Они нарвались, и не хотел я их убить.

Но даже если их и убил я,

Кто мог меня в этом обвинить!


***


      Историю Озаки Ацуши хотел услышать чуть ли не сильнее слова «освобожден». Но столь статная женщина вряд ли бы согласилась рассказывать кому-то вроде него историю, которую спокойно принимают в качестве ставки. Помощь пришла, откуда не ждали.


— Неужели влюбился? — хитро прищурился Чуя, положив руку на плечо и кивнув в сторону Коё, с которой уже несколько минут Ацуши не сводил глаз, — Да не шугайся ты так. К ней нельзя быть равнодушным. Если только ты не «котик».

— Нет, я тигр, мам, — как-то заторможенно отозвался парень, вызвав тем самым громкий смех Накахары.

— Хорошо-хорошо, тигр, — Чуя приобнял заключенного за талию и повел в свой кабинет, — Знаешь, а ведь Озаки связана с мафией, да. Не пучь на меня глазки, я знаю, что они у тебя красивые. А еще она держит свой бордель, — так же спокойно, как и первую новость, сообщил Накахара, впуская Ацуши в комнату и закрывая за ним дверь, — Только вот попалась на убийстве. Как обидно…

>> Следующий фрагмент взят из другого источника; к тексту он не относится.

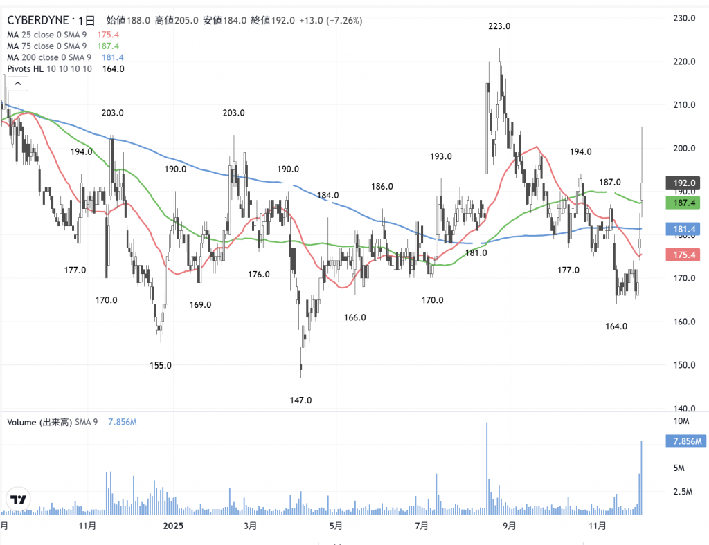 嬉しいな…「サイバーダイン」(7779)の株価が上がって来ました。昨年の「NISA」の失敗作です。確か…200円台の買いでした。未来において…大きくなりそうな株は、沢山あります。でも時間が分かりません。

— Ч-что произошло. Вы расскажете мне?

— Думаю, она сделает это лучше, — Чуя вытащил из ящика стола письмо и придвинул к Накаджме. Красивый почерк, идеально ровные буквы никак не сочетались с тем, с какими эмоциями было оно наполнено.


      «Дорогой Чуя.

Скорее всего, мы скоро встретимся и не при самых удачных обстоятельствах. Хочу, чтоб ты был к этому готов. Надеюсь, ты помнишь моего дорогого супруга? Тот самый художник, чьи картины ты называл полнейшей безвкусицей. Сейчас, когда пелена влюбленности сошла с моих глаз я, пожалуй, даже соглашусь с тобой.

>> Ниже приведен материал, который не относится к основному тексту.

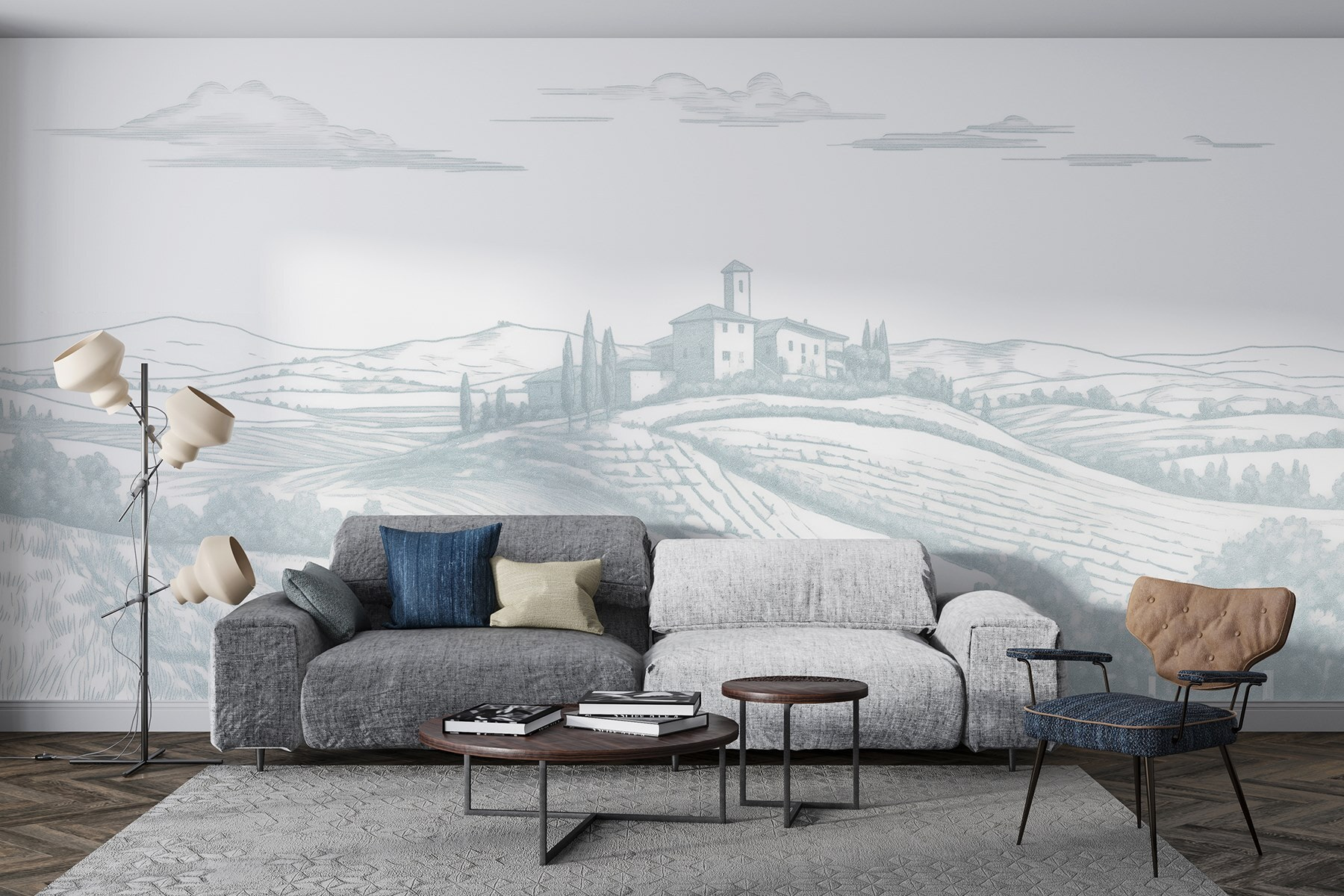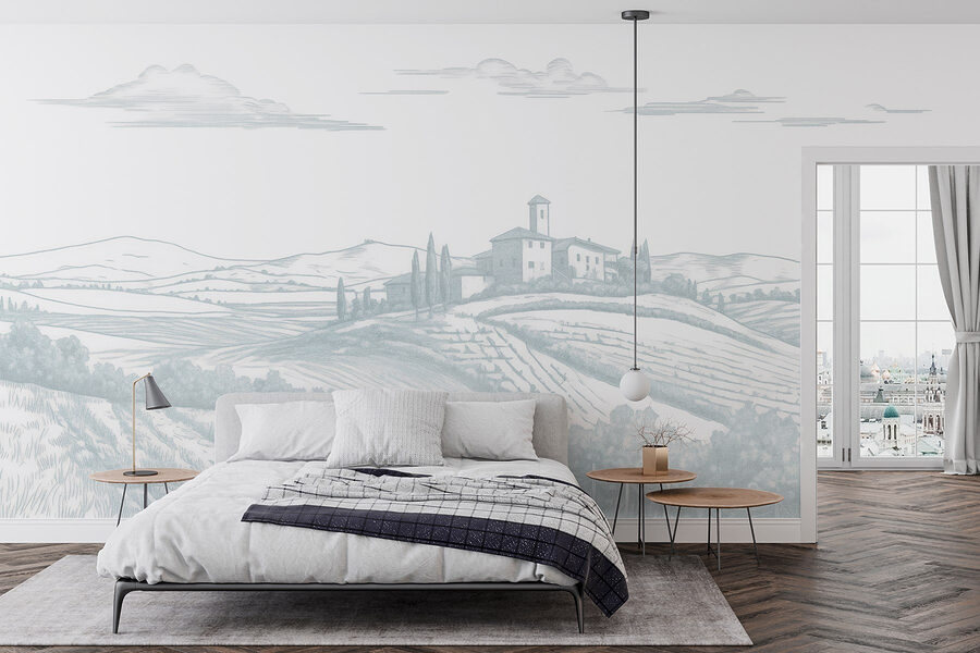 Verändern Sie jeden Raum mit dieser fesselnden Fototapete, die eine ruhige Landschaft mit einem charmanten Haus und anmutigen Bäumen zeigt. Stellen Sie sich vor, Sie betreten einen Raum und fühlen sich sofort in eine sanfte Hügellandschaft und eine sonnenbeschienene Wiese versetzt. Die sanften Umrisse vermitteln ein Gefühl der Ruhe und eignen sich perfekt für eine gemütliche Leseecke oder einen lebhaften Arbeitsbereich. Stellen Sie sich vor, Sie nippen an Ihrem Kaffee, während Sie die neue Aussicht betrachten und die Ruhe einatmen. Es ist wie ein kleiner Urlaub direkt zu Hause! Diese Fototapete dekoriert nicht nur, sie schafft eine Atmosphäre, die Entspannung verspricht.

Он был… Истинным человеком искусства. Но все время пытался себя найти, а попутно находил Руфь, Глэдис, Розмари и Альберта. Какие знакомые имена, согласись? Да, эта тварь заявлялась в мой бордель. А потом умудрялся удовлетворять собственное либидо и дома. Силы некуда было девать, видимо.

Но расстались мы из-за художественных разногласий. Он видел для себя жизнь, а я видела его смерть! Его лицо в тот момент, когда, задыхаясь от яда в очередной выпивке, он поднял взгляд на того, кто принес этот бокал. Он стоит лучшей его картины!»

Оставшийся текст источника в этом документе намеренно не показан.